### EXERCISE INSTRUCTIONS
Everything from the line containing "Военный опыт у" through the final line below must be output exactly, both ends included, with nothing else and no pictures.
--*--
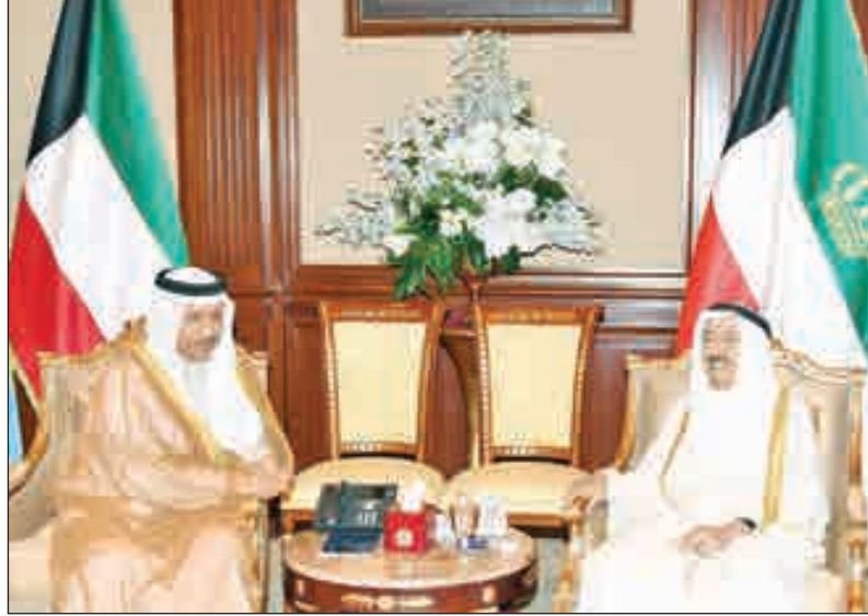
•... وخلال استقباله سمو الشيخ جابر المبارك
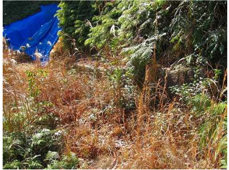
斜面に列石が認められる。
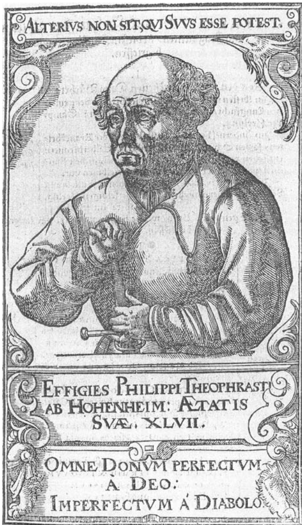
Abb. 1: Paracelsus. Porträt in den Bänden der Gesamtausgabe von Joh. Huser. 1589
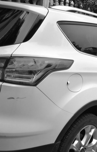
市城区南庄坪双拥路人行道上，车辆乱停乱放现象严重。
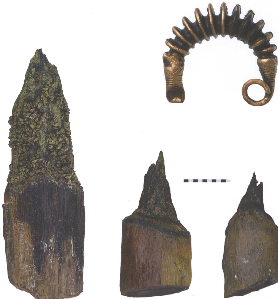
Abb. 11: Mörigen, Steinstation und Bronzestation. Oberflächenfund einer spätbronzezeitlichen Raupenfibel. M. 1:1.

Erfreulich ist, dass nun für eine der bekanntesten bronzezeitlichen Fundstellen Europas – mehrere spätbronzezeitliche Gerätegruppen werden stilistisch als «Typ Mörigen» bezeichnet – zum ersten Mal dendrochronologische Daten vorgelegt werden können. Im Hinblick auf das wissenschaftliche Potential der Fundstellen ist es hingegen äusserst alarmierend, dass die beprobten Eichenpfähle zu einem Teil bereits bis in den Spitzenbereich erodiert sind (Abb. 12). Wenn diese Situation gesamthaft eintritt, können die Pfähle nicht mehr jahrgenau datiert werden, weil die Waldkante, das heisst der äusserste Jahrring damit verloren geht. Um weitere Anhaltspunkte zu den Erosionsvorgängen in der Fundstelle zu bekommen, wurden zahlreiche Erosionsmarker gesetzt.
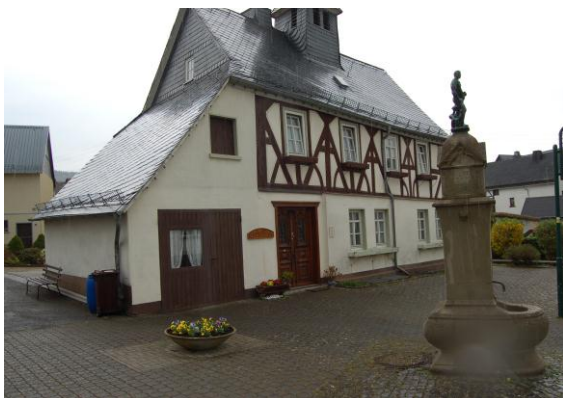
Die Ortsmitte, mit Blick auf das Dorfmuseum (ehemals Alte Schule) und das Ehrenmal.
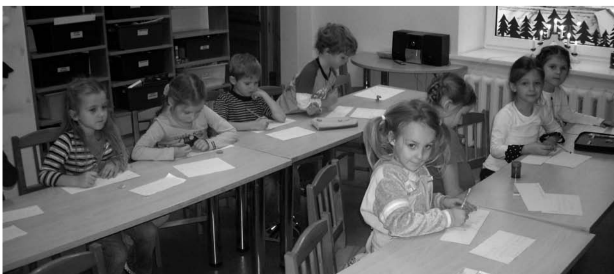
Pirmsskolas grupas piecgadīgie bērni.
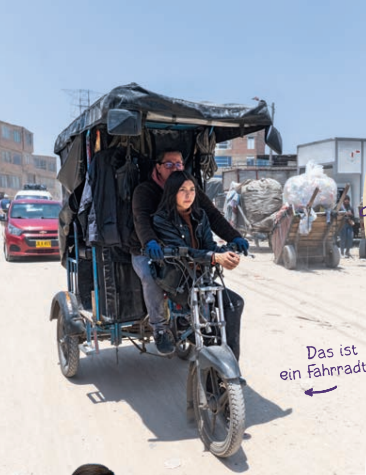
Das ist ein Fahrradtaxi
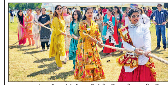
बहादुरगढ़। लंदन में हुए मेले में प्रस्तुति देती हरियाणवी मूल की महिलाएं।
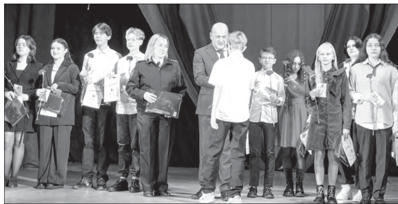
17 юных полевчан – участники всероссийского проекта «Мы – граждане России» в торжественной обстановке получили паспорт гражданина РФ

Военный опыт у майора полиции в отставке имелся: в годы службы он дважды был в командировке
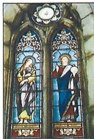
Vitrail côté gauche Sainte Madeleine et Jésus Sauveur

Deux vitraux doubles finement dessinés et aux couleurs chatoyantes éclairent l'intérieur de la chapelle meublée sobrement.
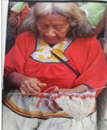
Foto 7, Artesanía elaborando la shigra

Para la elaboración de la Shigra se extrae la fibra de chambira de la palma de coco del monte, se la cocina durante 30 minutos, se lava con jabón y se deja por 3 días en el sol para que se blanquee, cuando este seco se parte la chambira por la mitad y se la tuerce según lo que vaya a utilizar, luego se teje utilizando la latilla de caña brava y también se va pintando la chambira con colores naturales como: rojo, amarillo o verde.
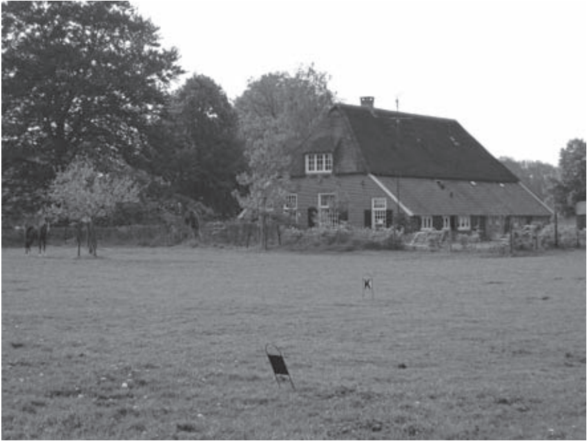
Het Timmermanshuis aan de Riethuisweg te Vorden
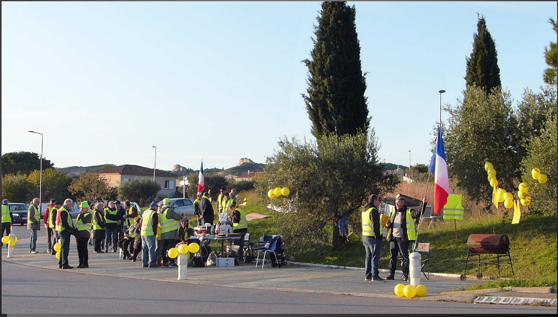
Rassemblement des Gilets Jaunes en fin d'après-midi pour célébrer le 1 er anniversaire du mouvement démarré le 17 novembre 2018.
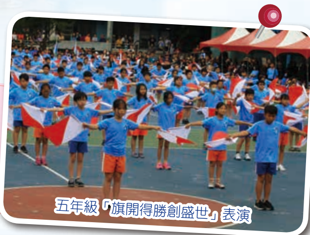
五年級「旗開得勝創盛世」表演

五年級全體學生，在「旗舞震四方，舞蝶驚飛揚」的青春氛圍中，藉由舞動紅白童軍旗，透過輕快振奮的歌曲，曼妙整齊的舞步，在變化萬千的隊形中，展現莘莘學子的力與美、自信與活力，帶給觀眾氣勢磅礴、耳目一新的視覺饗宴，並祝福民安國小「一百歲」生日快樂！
--*--
### ANSWER AREA
Военный опыт у майора полиции в отставке имелся: в годы службы он дважды был в командировке
Vitrail côté gauche Sainte Madeleine et Jésus Sauveur

Deux vitraux doubles finement dessinés et aux couleurs chatoyantes éclairent l'intérieur de la chapelle meublée sobrement.
Foto 7, Artesanía elaborando la shigra

Para la elaboración de la Shigra se extrae la fibra de chambira de la palma de coco del monte, se la cocina durante 30 minutos, se lava con jabón y se deja por 3 días en el sol para que se blanquee, cuando este seco se parte la chambira por la mitad y se la tuerce según lo que vaya a utilizar, luego se teje utilizando la latilla de caña brava y también se va pintando la chambira con colores naturales como: rojo, amarillo o verde.
Het Timmermanshuis aan de Riethuisweg te Vorden
Rassemblement des Gilets Jaunes en fin d'après-midi pour célébrer le 1 er anniversaire du mouvement démarré le 17 novembre 2018.
五年級「旗開得勝創盛世」表演

五年級全體學生，在「旗舞震四方，舞蝶驚飛揚」的青春氛圍中，藉由舞動紅白童軍旗，透過輕快振奮的歌曲，曼妙整齊的舞步，在變化萬千的隊形中，展現莘莘學子的力與美、自信與活力，帶給觀眾氣勢磅礴、耳目一新的視覺饗宴，並祝福民安國小「一百歲」生日快樂！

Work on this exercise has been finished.